### Work item:
With pictures omitted, restate the data word for word.

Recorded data

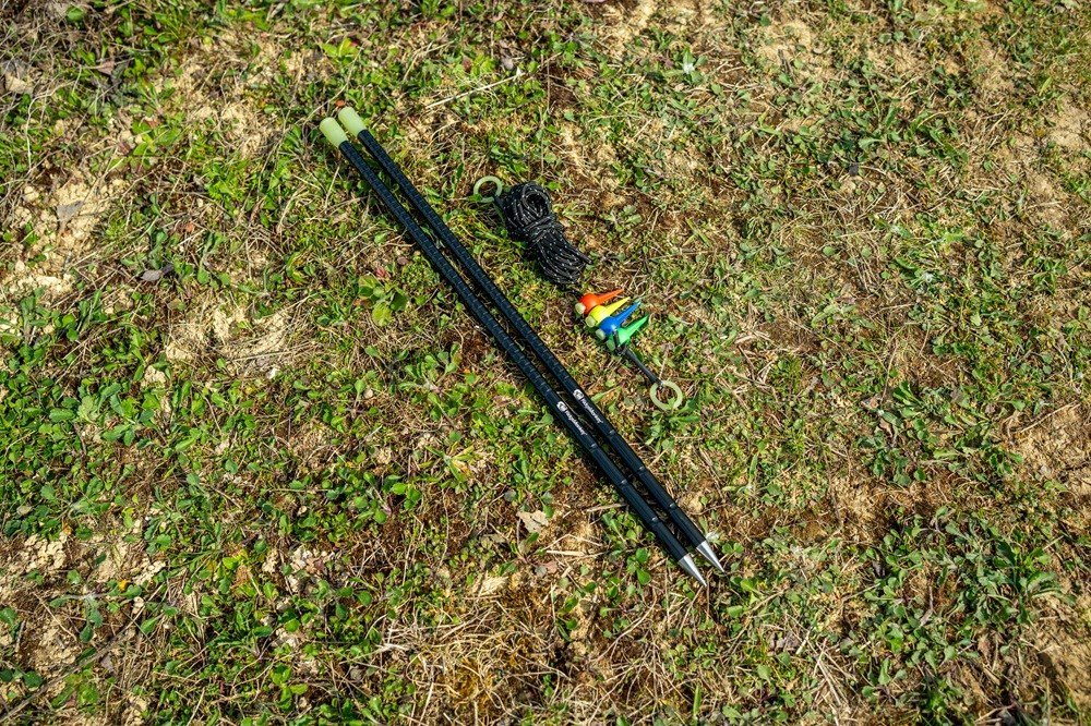 Na vrchu vidliček jsou samosvítící krytky Nite Glo. V balení také nalaeznete měřicí šňůru Hi-Vis a 4 kusy jednotlivých hrotů Nite Glo Marker Sticks. To napomáhá snednému najití všech komponentů a možnosti namotání i více prutů a to i za slabého osvětlení. s
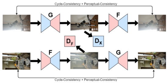 - Liu, W.; Hou, X.; Duan, J.; Qiu, G. End-to-end single image fog removal using enhanced cycle consistent adversarial networks. IEEE Trans. Image Process. 2020, 29, 7819–7833. [Google Scholar] [CrossRef]
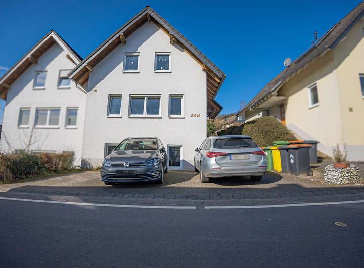 Die Maisonettewohnung Nr. 1 erstreckt sich über zwei Etagen und umfasst das Erd- und Kellergeschoss. Das Erdgeschoss umfasst einen Eingangsbereich, ein Duschbad/WC, eine großzügige Wohnküche, ein Wohnzimmer mit Austritt zur schönen Westterrasse sowie ein Schlafzimmer. Das Kellergeschoss umfasst drei Schlafzimmer sowie ein Wannenbad/WC mit Waschmaschinenanschluss. Zudem gehören ein Kellerraum und zwei PKW-Außenstellplätze zur Wohnung, die bereits im Kaufpreis enthalten sind.
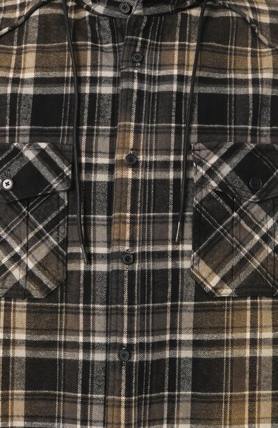 Клетчатую рубашку силуэта oversize сшили из хлопковой фланели. Модель с прямоугольными манжетами, боковыми и нагрудными карманами дополнили трикотажным регулируемым капюшоном.
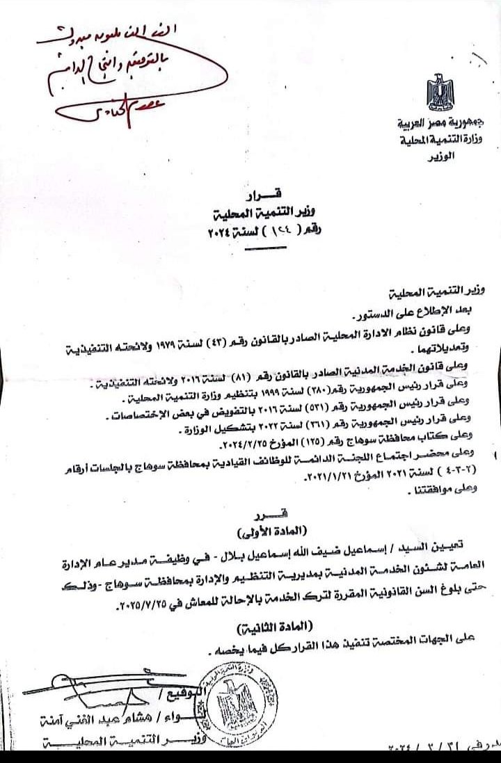 *أصدر اللواء هشام آمنة وزير التنمية المحلية القرار رقم ١٢٤ لسنة ٢٠٢٤ بتعيين إسماعيل ضيف الله إسماعيل فى وظيفة مدير عام الإدارة العامة لشئون الخدمة المدنية بمديرية التنظيم والإدارة بمحافظة سوهاج، وذلك حتى بلوغ السن القانونية المقررة لترك الخدمة بالإحالة للمعاش فى ٢٠٢٥/٧/٢٥م
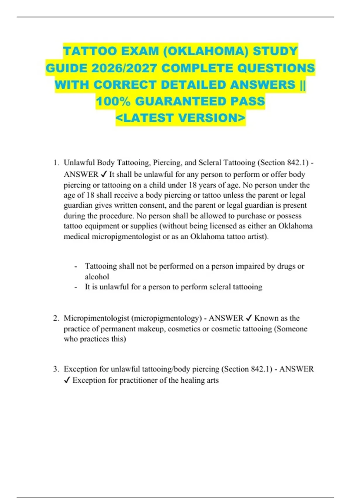 TATTOO EXAM (OKLAHOMA) STUDY GUIDE 2026/2027 COMPLETE QUESTIONS WITH CORRECT DETAILED ANSWERS || 100% GUARANTEED PASS &lt;LATEST VERSION&gt; 1. Unlawful Body Tattooing, Piercing, and Scleral Tattooing (Section 842.1) - ANSWER It shall be unlawful for any person to perform or offer body piercing or tattooing on a child under 18 years of age. No person under the age of 18 shall receive a body piercing or tattoo unless the parent or legal guardian gives written consent, and the parent or legal guardian is present during the procedure. No person shall be allowed to purchase or possess tattoo equipment or supplies (without being licensed as either an Oklahoma medical micropigmentologist or as an Oklahoma tattoo artist). - Tattooing shall not be performed on a person impaired by drugs or alcohol - It is unlawful for a person to perform scleral tattooing 2. Micropimentologist (micropigmentology) - ANSWER Known as the practice of permanent makeup, cosmetics or cosmetic tattooing (Someone who practices this) 3. Exception for unlawful tattooing/body piercing (Section 842.1) - ANSWER Exception for practitioner of the healing arts 4. Practitioners of the healing arts - ANSWER Practice podiactric medicine and surgery, nursing, chiropractic, optometry, dentistry, osteopathic medicine and surgery, medicine or surgery to provide health services. 5. Scleral Tattooing - ANSWER Practice of producing an indelible mark or figure on the human eye by scarring or inserting pigment on, in, or under the fornix conjunctiva, bulbar conjunctiva, ocular conjunctive, or other ocular surface using needles, scalpels or other related equipment. 6. A minimum of one pair of exam gloves shall be used for each stage of body piercing or tattooing procedure - ANSWER 1. Hard surface disinfection 2. Set up of instruments used for body piercing or tattooing 3. Preparation for body art area 4. The body piercing or tattoo procedure 7. What is the minimum number of times you should change your gloves for a body piercing or tattoo procedure? - ANSWER 4 times 8. Germicidal solution - ANSWER cleansing agent that kills disease causing microorganisms on hard surfaces and is a disinfectant or sanitizer registered with the Environmental Protection Agency. 9. Germicidal soap - ANSWER Agent designed for use on the skin that kills disease causing microorganisms 10. Handwashing facility - ANSWER sink equipped with hot and cold running water or tempered running water under pressure 11. HBV - ANSWER Hepatitis B Virus - DNA virus - has a vacine - attacks the liver - usually transmitted from mother to child - can remain active on a surface for up to 7 days - can survive extreme temps 12. HCV - ANSWER Hepatitis C Virus - RNA virus - Has a cure; antiviral pill - found in the blood of a person who has disease - attacks the liver - short life span outside of the human body, on room temp surfaces - usually transmitted through unclean needles 13. Dermis - ANSWER middle layer of skin (where the ink lives) 14. Epidermis - ANSWER outermost layer of skin (What ink passes thru) 15. Subcutaneous - ANSWER innermost layer of skin (fat layer = blow outs) 16. How much bleach should be in mop water? - ANSWER 1/10 17. statim autoclave - ANSWER a brand of autoclave utilizing the steam flush pressure pulse method of sterilization. 18. Sterization - ANSWER a process resulting in the destruction of all forms of microbial life, including highly resistant bacterial spores. 19. Tattooing - ANSWER the practice of producing an indelible mark or figure on the human body by scarring or inserting a pigment under the skin using needles, scalpels, or other related equipment; provided that medical micropigmentation, performed pursuant to the provisions of the Oklahoma Medical Micropigmentation Regulation Act, shall not be construed to be tattooing 20. Tattoo operator - ANSWER any person who owns, controls, operates, conducts or manages any permanent tattooing establishment whether performing the work of tattooing or not 21. Temporary artist license - ANSWER a person that is not licensed through the State of Oklahoma that is a body piercing artist or tattoo artist doing temporary work at a licensed body piercing or tattoo establishment not to exceed 30 days. 22. Ultrasonic cleaning unit - ANSWER A piece of medical equipment utilizing ultrasound energy to thoroughly clean instruments for body piercing or tattooing. 23. Universal Precautions - ANSWER an approach to infection control that treats all human blood and certain human body fluids as if known to be infectious for Human Immunodeficiency Virus (HIV), Hepatitis B Virus (HBV), Hepatitis C Virus (HCV), and other bloodborne pathogens.

### Output of the task:
 Na vrchu vidliček jsou samosvítící krytky Nite Glo. V balení také nalaeznete měřicí šňůru Hi-Vis a 4 kusy jednotlivých hrotů Nite Glo Marker Sticks. To napomáhá snednému najití všech komponentů a možnosti namotání i více prutů a to i za slabého osvětlení. s
 - Liu, W.; Hou, X.; Duan, J.; Qiu, G. End-to-end single image fog removal using enhanced cycle consistent adversarial networks. IEEE Trans. Image Process. 2020, 29, 7819–7833. [Google Scholar] [CrossRef]
 Die Maisonettewohnung Nr. 1 erstreckt sich über zwei Etagen und umfasst das Erd- und Kellergeschoss. Das Erdgeschoss umfasst einen Eingangsbereich, ein Duschbad/WC, eine großzügige Wohnküche, ein Wohnzimmer mit Austritt zur schönen Westterrasse sowie ein Schlafzimmer. Das Kellergeschoss umfasst drei Schlafzimmer sowie ein Wannenbad/WC mit Waschmaschinenanschluss. Zudem gehören ein Kellerraum und zwei PKW-Außenstellplätze zur Wohnung, die bereits im Kaufpreis enthalten sind.
 Клетчатую рубашку силуэта oversize сшили из хлопковой фланели. Модель с прямоугольными манжетами, боковыми и нагрудными карманами дополнили трикотажным регулируемым капюшоном.
 *أصدر اللواء هشام آمنة وزير التنمية المحلية القرار رقم ١٢٤ لسنة ٢٠٢٤ بتعيين إسماعيل ضيف الله إسماعيل فى وظيفة مدير عام الإدارة العامة لشئون الخدمة المدنية بمديرية التنظيم والإدارة بمحافظة سوهاج، وذلك حتى بلوغ السن القانونية المقررة لترك الخدمة بالإحالة للمعاش فى ٢٠٢٥/٧/٢٥م
 TATTOO EXAM (OKLAHOMA) STUDY GUIDE 2026/2027 COMPLETE QUESTIONS WITH CORRECT DETAILED ANSWERS || 100% GUARANTEED PASS &lt;LATEST VERSION&gt; 1. Unlawful Body Tattooing, Piercing, and Scleral Tattooing (Section 842.1) - ANSWER It shall be unlawful for any person to perform or offer body piercing or tattooing on a child under 18 years of age. No person under the age of 18 shall receive a body piercing or tattoo unless the parent or legal guardian gives written consent, and the parent or legal guardian is present during the procedure. No person shall be allowed to purchase or possess tattoo equipment or supplies (without being licensed as either an Oklahoma medical micropigmentologist or as an Oklahoma tattoo artist). - Tattooing shall not be performed on a person impaired by drugs or alcohol - It is unlawful for a person to perform scleral tattooing 2. Micropimentologist (micropigmentology) - ANSWER Known as the practice of permanent makeup, cosmetics or cosmetic tattooing (Someone who practices this) 3. Exception for unlawful tattooing/body piercing (Section 842.1) - ANSWER Exception for practitioner of the healing arts 4. Practitioners of the healing arts - ANSWER Practice podiactric medicine and surgery, nursing, chiropractic, optometry, dentistry, osteopathic medicine and surgery, medicine or surgery to provide health services. 5. Scleral Tattooing - ANSWER Practice of producing an indelible mark or figure on the human eye by scarring or inserting pigment on, in, or under the fornix conjunctiva, bulbar conjunctiva, ocular conjunctive, or other ocular surface using needles, scalpels or other related equipment. 6. A minimum of one pair of exam gloves shall be used for each stage of body piercing or tattooing procedure - ANSWER 1. Hard surface disinfection 2. Set up of instruments used for body piercing or tattooing 3. Preparation for body art area 4. The body piercing or tattoo procedure 7. What is the minimum number of times you should change your gloves for a body piercing or tattoo procedure? - ANSWER 4 times 8. Germicidal solution - ANSWER cleansing agent that kills disease causing microorganisms on hard surfaces and is a disinfectant or sanitizer registered with the Environmental Protection Agency. 9. Germicidal soap - ANSWER Agent designed for use on the skin that kills disease causing microorganisms 10. Handwashing facility - ANSWER sink equipped with hot and cold running water or tempered running water under pressure 11. HBV - ANSWER Hepatitis B Virus - DNA virus - has a vacine - attacks the liver - usually transmitted from mother to child - can remain active on a surface for up to 7 days - can survive extreme temps 12. HCV - ANSWER Hepatitis C Virus - RNA virus - Has a cure; antiviral pill - found in the blood of a person who has disease - attacks the liver - short life span outside of the human body, on room temp surfaces - usually transmitted through unclean needles 13. Dermis - ANSWER middle layer of skin (where the ink lives) 14. Epidermis - ANSWER outermost layer of skin (What ink passes thru) 15. Subcutaneous - ANSWER innermost layer of skin (fat layer = blow outs) 16. How much bleach should be in mop water? - ANSWER 1/10 17. statim autoclave - ANSWER a brand of autoclave utilizing the steam flush pressure pulse method of sterilization. 18. Sterization - ANSWER a process resulting in the destruction of all forms of microbial life, including highly resistant bacterial spores. 19. Tattooing - ANSWER the practice of producing an indelible mark or figure on the human body by scarring or inserting a pigment under the skin using needles, scalpels, or other related equipment; provided that medical micropigmentation, performed pursuant to the provisions of the Oklahoma Medical Micropigmentation Regulation Act, shall not be construed to be tattooing 20. Tattoo operator - ANSWER any person who owns, controls, operates, conducts or manages any permanent tattooing establishment whether performing the work of tattooing or not 21. Temporary artist license - ANSWER a person that is not licensed through the State of Oklahoma that is a body piercing artist or tattoo artist doing temporary work at a licensed body piercing or tattoo establishment not to exceed 30 days. 22. Ultrasonic cleaning unit - ANSWER A piece of medical equipment utilizing ultrasound energy to thoroughly clean instruments for body piercing or tattooing. 23. Universal Precautions - ANSWER an approach to infection control that treats all human blood and certain human body fluids as if known to be infectious for Human Immunodeficiency Virus (HIV), Hepatitis B Virus (HBV), Hepatitis C Virus (HCV), and other bloodborne pathogens.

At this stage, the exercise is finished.